ASSIGNMENT: Copy out the data word for word, without any of its pictures.

SUPPLIED MATERIAL:
Content starts

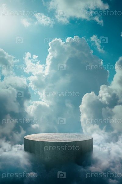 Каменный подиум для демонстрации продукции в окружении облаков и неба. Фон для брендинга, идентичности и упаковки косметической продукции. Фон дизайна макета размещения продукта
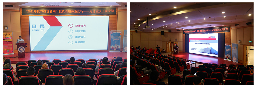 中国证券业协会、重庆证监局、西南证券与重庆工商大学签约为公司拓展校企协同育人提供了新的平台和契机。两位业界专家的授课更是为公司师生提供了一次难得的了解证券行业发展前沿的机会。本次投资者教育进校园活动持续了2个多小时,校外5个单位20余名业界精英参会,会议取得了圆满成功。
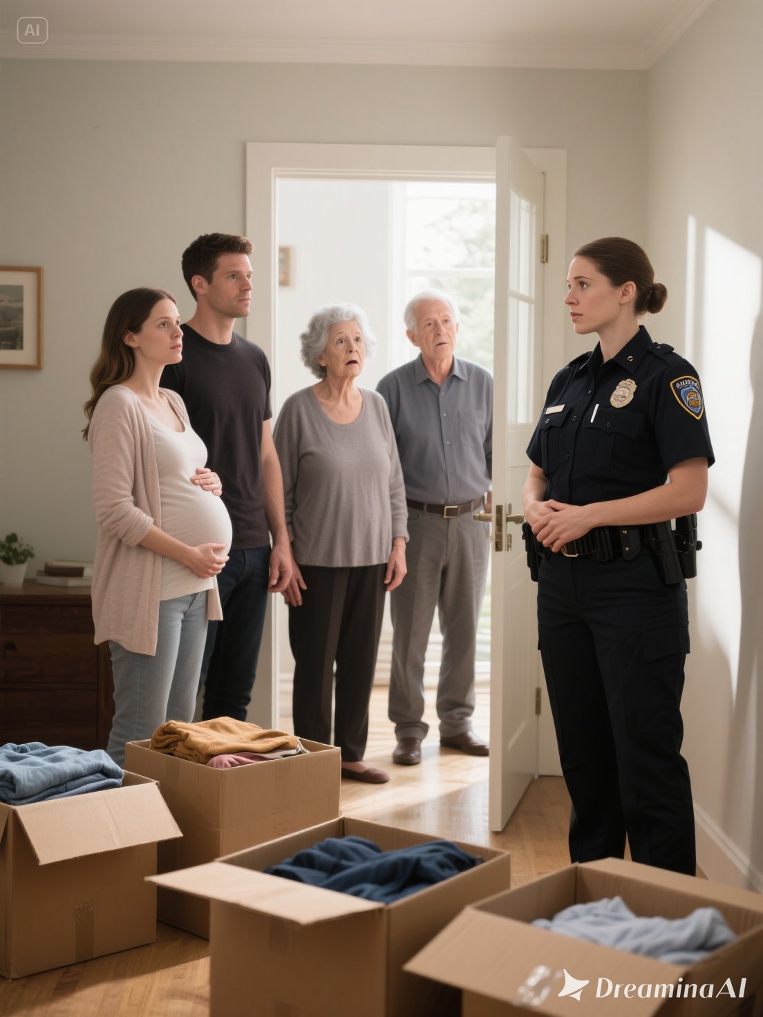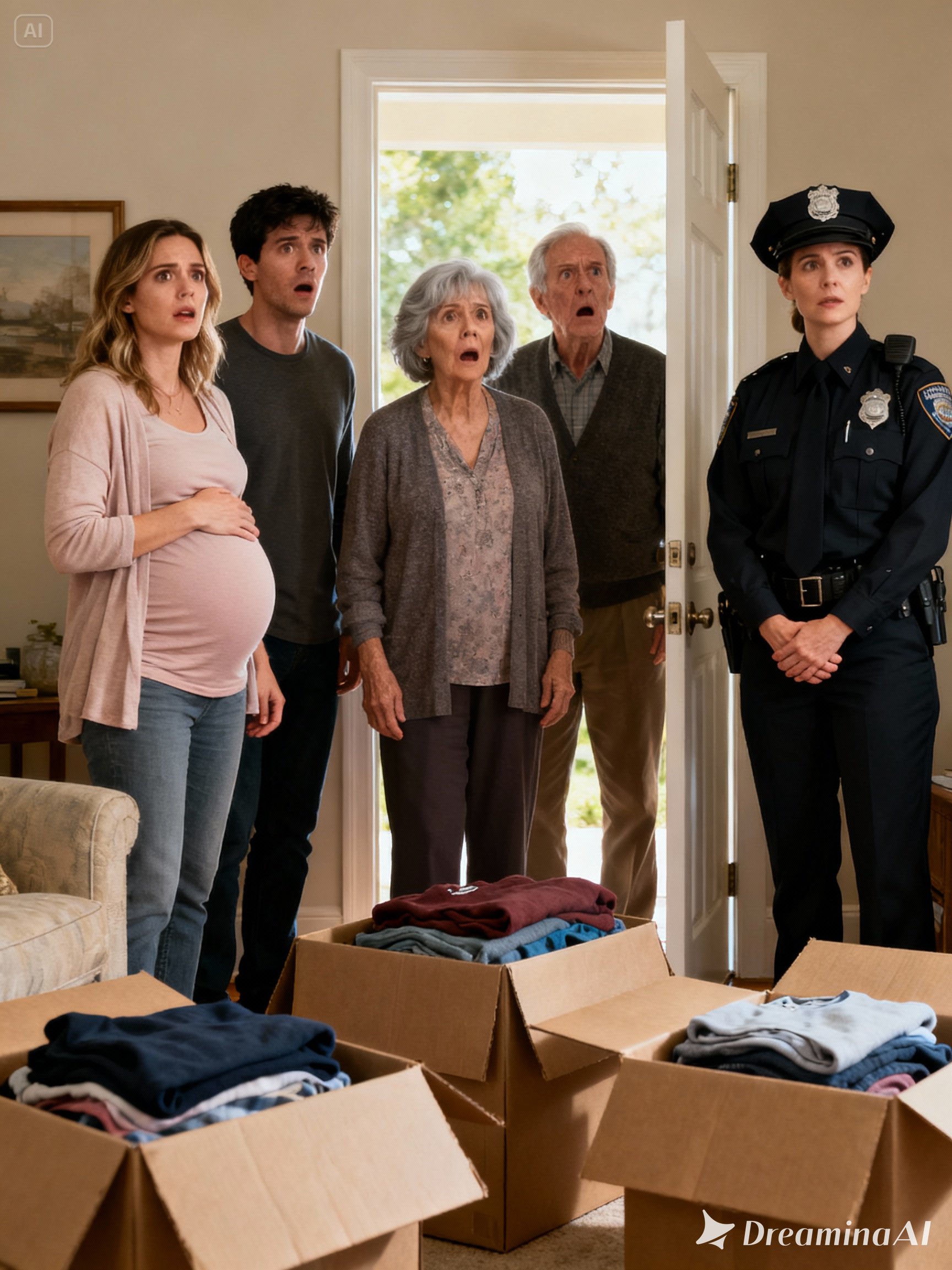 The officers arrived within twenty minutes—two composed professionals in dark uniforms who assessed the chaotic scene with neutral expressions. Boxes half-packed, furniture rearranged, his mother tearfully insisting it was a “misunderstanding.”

Content ends

RESULT OF THIS EXERCISE:
 Каменный подиум для демонстрации продукции в окружении облаков и неба. Фон для брендинга, идентичности и упаковки косметической продукции. Фон дизайна макета размещения продукта
 中国证券业协会、重庆证监局、西南证券与重庆工商大学签约为公司拓展校企协同育人提供了新的平台和契机。两位业界专家的授课更是为公司师生提供了一次难得的了解证券行业发展前沿的机会。本次投资者教育进校园活动持续了2个多小时,校外5个单位20余名业界精英参会,会议取得了圆满成功。
 The officers arrived within twenty minutes—two composed professionals in dark uniforms who assessed the chaotic scene with neutral expressions. Boxes half-packed, furniture rearranged, his mother tearfully insisting it was a “misunderstanding.”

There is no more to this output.